Make no bones about it, home made stock is a really good base for soups.
What type of relationships do hotdogs like to have? A frank relationship, they can’t stand lies.
Did you hear about the butcher that backed into the meat grinder?
He got a little behind in his work.
What is the best way to cook alligator meat? With a croc pot!
Hot dog, I love a good meat pun.
Some people think anyone who sells meat is gross. But, people who sell fruit and vegetables are grocer.
The butcher’s life was at steak when the meat market caught fire.
What do you call a cow in a rooster costume? Roost beef.
Did you hear about the man who used to be addicted to eating raw meat? Don't worry, he's cured now!
I met a chicken once; she was desperate to join a band. She even had her own drumsticks.
Some people have to stop telling meat puns, because they simply butcher every single joke.
What did the deer say to each other when they were trying to solve a difficult problem? This is such a deer-lemma!
What's the most musical cut of chicken? The drumstick!
Where do cows go to celebrate New Years Eve? To a meat ball!
It is really rare to find the most perfectly cooked steak.
You know I always wanted to open my own sandwich shop. I would have all the meat and bread money could buy...
Problem was I was afraid something would go a rye
What do you call meat balls falling from the sky? A meat-ior shower.
What is a hair stylist's favorite steak? A flat iron!
What cut of meat do you get from an extremely tired butcher?
A filet mid-yawn
What do you call a sausage that's been to the doctor? Cured meat!
Why did the cow and the bull become so close? Because they became beef-friends.
What did the burger meat say to the BBQ? “Is it meat you’re looking for?”
If you’re looking for Valentine’s Day inspiration for a meat loving crush, try “Will you beef my Valentine?”
What did the steak say to his enemy? I have a T-bone to pick with you!
What became of the pig who got fired from his job? He became canned ham.
They were building a meat tower next door.
The steaks just kept getting higher.
Cows love music. In fact, they even have a favourite note: beef flat.
What do you call a pig squished by sand? A ham sandwich.
What’s the best part of a cow? The topside, of course.
What do you call a cow with two legs? Lean beef!
Why was the burger sad after losing the race? Because the hotdog was the weiner.
What do you call a cow with no legs? Ground beef!
The cow intestine dish was offal, but the pig organ tacos was grocer!
Cows don’t make very good cops. They refuse to go on steak outs.
I have a friend who has been diagnosed with a phobia of sausages. She always fears the wurst.
What did the lovesick pig sing to his girlfriend? Don't go bacon my heart!
All the contestants at the pig Olympics were very happy with their prizes. They each won pork medallions.

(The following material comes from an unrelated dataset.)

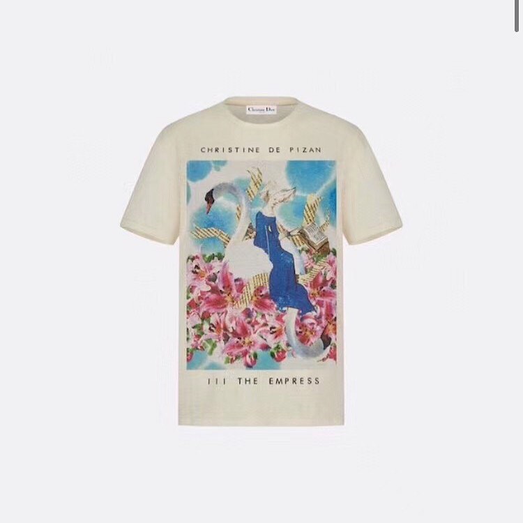 Эта женская футболка Christian Dior LUX-33160 представляет собой элегантный предмет одежды в стиле кэжуал. Футболка украшена художественным принтом, вдохновленным образом "The Empress" и цитатой Кристины Пизанской, что добавляет ей уникальности и глубины. Классический крой и нейтральный цвет делают ее универсальной основой для множества образов.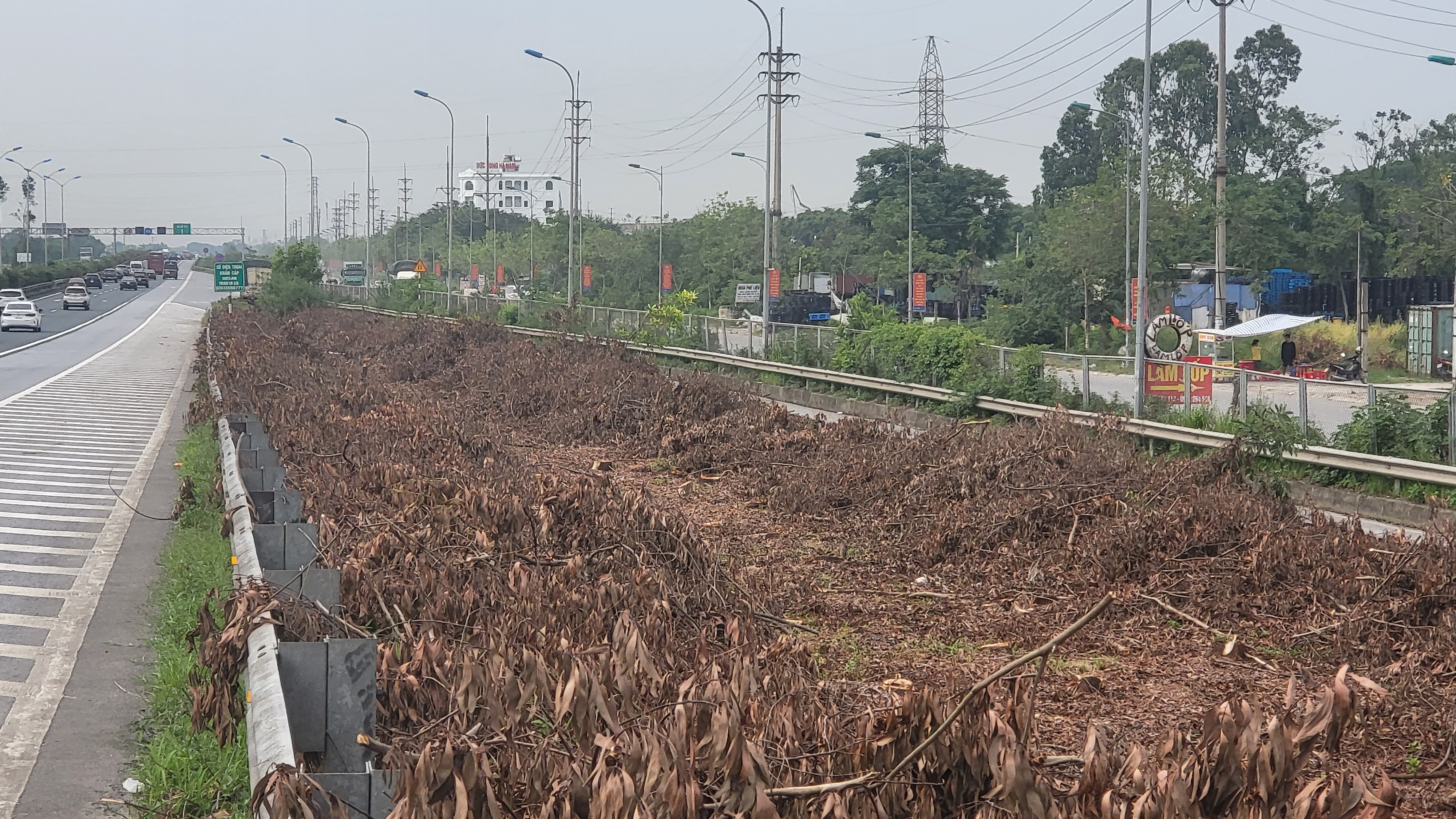 Ghi nhận của PV VietNamNet cho thấy, hiện nhiều đoạn tuyến cao tốc Cầu Giẽ - Ninh Bình, cây xanh bị chặt bỏ trơ gốc. Những cành cây khô héo nằm dưới ta luy đường đang được chủ đầu tư cho thu dọn.

Why did the butcher work overtime at the grocery store? To make ends meat!
I’m bacon you! Please stop with the meat puns!
Pirates used to make a delicious snack for themselves by crossing pate with flowers. They called it “lily livered”.
Have you heard about the pig who killed his own farmer? He did it to save his bacon.
What do you call hot dogs in winter? Chilly dogs!
What did the boss pig say to the pig worker for not working fast enough? “chop chop slow pork”.
The other day I asked an Alaskan guy if he wanted to eat some seal meat.
He wasn’t really inuit
Which is a meat patty's least favourite day of the week? Fry-day!
What's the name of the meatiest Knight of the Round Table? Sir Loin!
What do you get when you cross a chicken and a cow? Roost beef!
What do you call a cow with a twitch? Beef jerky!
I met a girl in a vegetarian restaurant who said she recognized me, but I have literally never seen herbivore.
Digital burgers are nothing but processed meat.